The role of private finance should be taken more seriously in the international climate-negotiation process. Political posturing on the relative levels of emissions cuts is too far removed from the workings of the real economy. As well as negotiating with each other, countries should pitch their emissions-reductions plans to the finance community for input and capital at international meetings such as the G20 summits.

Finance flows to less developed and emerging economies will help to achieve the 2 °C goal. Multilateral and national development banks must continue to expand their roles. Investment funds and financial instruments that reduce currency volatility, select the best projects and partially absorb unexpected losses can increase financial flows. The Private Sector Facility of the Green Climate Fund — a component of the UN Framework Convention on Climate Change — will play an important part in leveraging private finance, increasing the size and impact of public climate finance.
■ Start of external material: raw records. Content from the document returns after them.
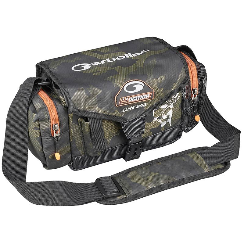 • borsa per esche con 3 scatole rimovibili compartimentate • ideale per lo stoccaggio di piccoli minnow o esche morbide • tasche laterali con cerniera per il deposito degli accessori, una in rete gommata e l’altra in tessuto, tasca anteriore per pinza • tracolla regolabile. • tessuto effetto mimetico.
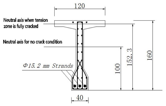 Based on the elastic beam theory, the neutral axis position corresponds to the reinforcements, pre-stresses strands, and concrete composite. It could be located by transforming the steel area in uncracked concrete into an equivalent concrete area [30]. Note that the concept of neutral axis in this paper refers to zero stress/strain change under applied load, which is not the absolute zero stress/strain location. The structural analysis shows the neutral axis in intact cross-section is located at the height of 100 cm from the bottom. When the cracks are fully developed in the tension zone and concrete completely lose its ability to resist tension forces, the neutral axis will move up to the height of 152.3 cm. As shown in Figure 11, the theory height of the neutral axis between the intact and fully cracked conditions range from 100 to 152.2 cm.
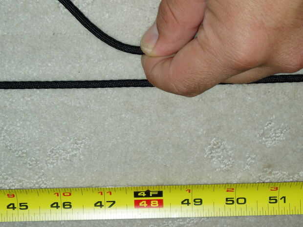 2. ahora, ambas piezas de la cadena de la lámpara de paracord se extienden a la 15' cinta medición de destino...
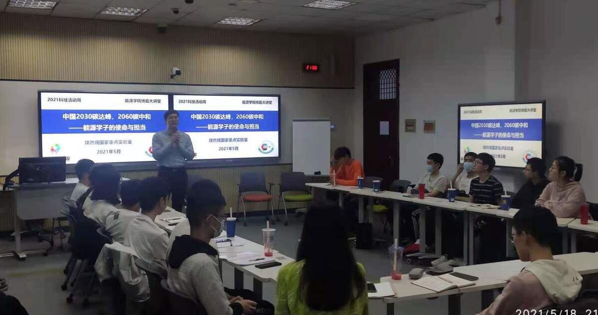 首先,姚洪老师结合国家双碳战略的重大需求,为本科生介绍了学院在低碳科研领域的优势,鼓励同学们在“碳中和工业革命”到来之际努力学习,与国家重大需求“同呼吸、共命运”,把握机遇,充分发挥能源学子作为国家实施双碳战略主力军的作用。
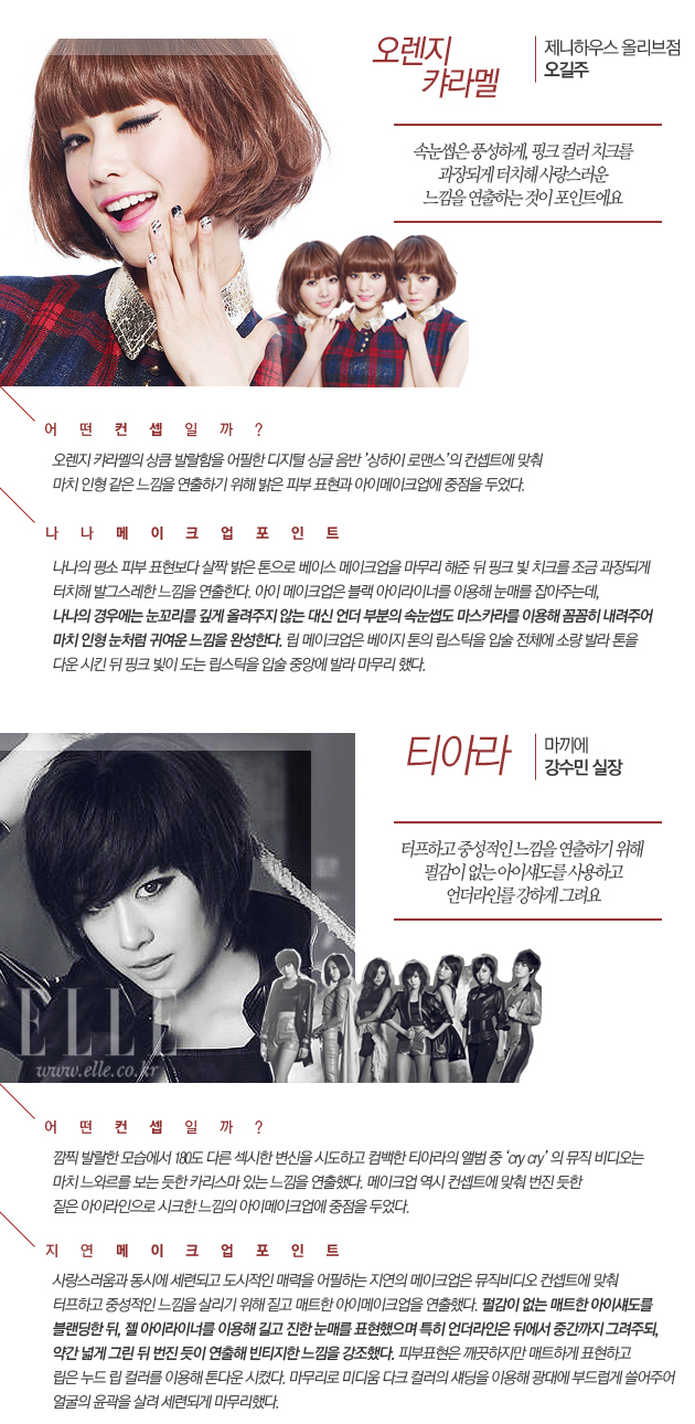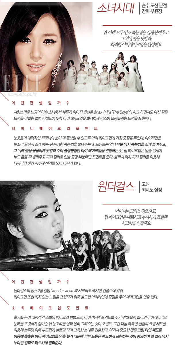 원더걸스의 매혹적인 스모키 메이크업부터 오렌지 캬라멜의 러블리한 메이크업 까지! TV 속 매력적인 걸 그룹의 메이크업 스킬이 궁금하다면 주목! 여기 걸 그룹 메이크업을 담당하고 있는 아티스트들이 그 비법을 아낌없이 공개한다.

Even with the best of intentions, policy missteps will occur. Financiers should see through short-term policy volatility by backing governments with clear low-carbon policy agendas and making them aware of the consequences of unpredictable changes. Because markets cannot solve climate change alone, authorities such as the Financial Stability Board, which monitors the global financial system, must continue to provide direction.

If appropriate policies are delivered, the capital shift that is under way will gather steam. If not, investment will not be enough to meet the 2 °C global-warming limit.